Synchronously extract content from multiple byte data sources.

Processes multiple in-memory binary documents in a single batch operation. Results maintain the same order as the input data array. The mime_types array must have the same length as the data_array.

Examples:

Batch extract binary documents

pdf_data_1 = File.read("doc1.pdf", binmode: true)
pdf_data_2 = File.read("doc2.pdf", binmode: true)
docx_data = File.read("report.docx", binmode: true)

data = [pdf_data_1, pdf_data_2, docx_data]
types = ["application/pdf", "application/pdf", "application/vnd.openxmlformats-officedocument.wordprocessingml.document"]
results = Kreuzberg.batch_extract_bytes_sync(data, types)
results.each { |r| puts r.content }

Parameters:

  • data_array (Array<String>)

    Array of binary document data. Each element can contain any byte values (e.g., PDF binary data).

  • mime_types (Array<String>)

    Array of MIME types corresponding to each data item. Must be the same length as data_array (e.g., [“application/pdf”, “application/msword”]).

  • config (Config::Extraction, Hash, nil) (defaults to: nil)
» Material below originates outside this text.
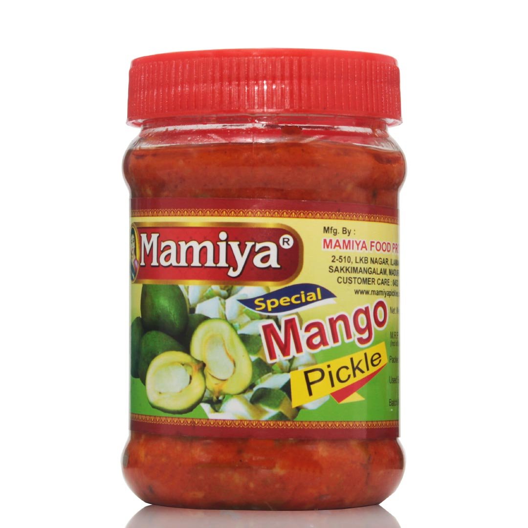 Mamiya Special Mango Pickle is a traditional South Indian pickle made from handpicked raw mangoes, blended with authentic spices and pure oil. Bursting with tangy, spicy, and aromatic flavors, it enhances the taste of every meal. Prepared without artificial colors or preservatives, this pickle pairs perfectly with hot rice, curd rice, dosa, idli, or as a flavorful accompaniment to everyday meals.

    Extraction configuration applied to all items. Accepts either a Config::Extraction object or a configuration hash.

Returns:

  • (Array<Result>)

    Array of extraction results in the same order as input data. Array length matches the data_array length.

Raises:



270
271
272
273
274
275
276
# File 'lib/kreuzberg/extraction_api.rb', line 270

def batch_extract_bytes_sync(data_array:, mime_types:, config: nil)
  opts = normalize_config(config)
  hashes = native_batch_extract_bytes_sync(data_array.map(&:to_s), mime_types.map(&:to_s), **opts)
  results = hashes.map { |hash| Result.new(hash) }
  record_cache_entry!(results, opts)
  results
end

#batch_extract_files(paths:, config: nil) ⇒ Array<Result>

Asynchronously extract content from multiple files.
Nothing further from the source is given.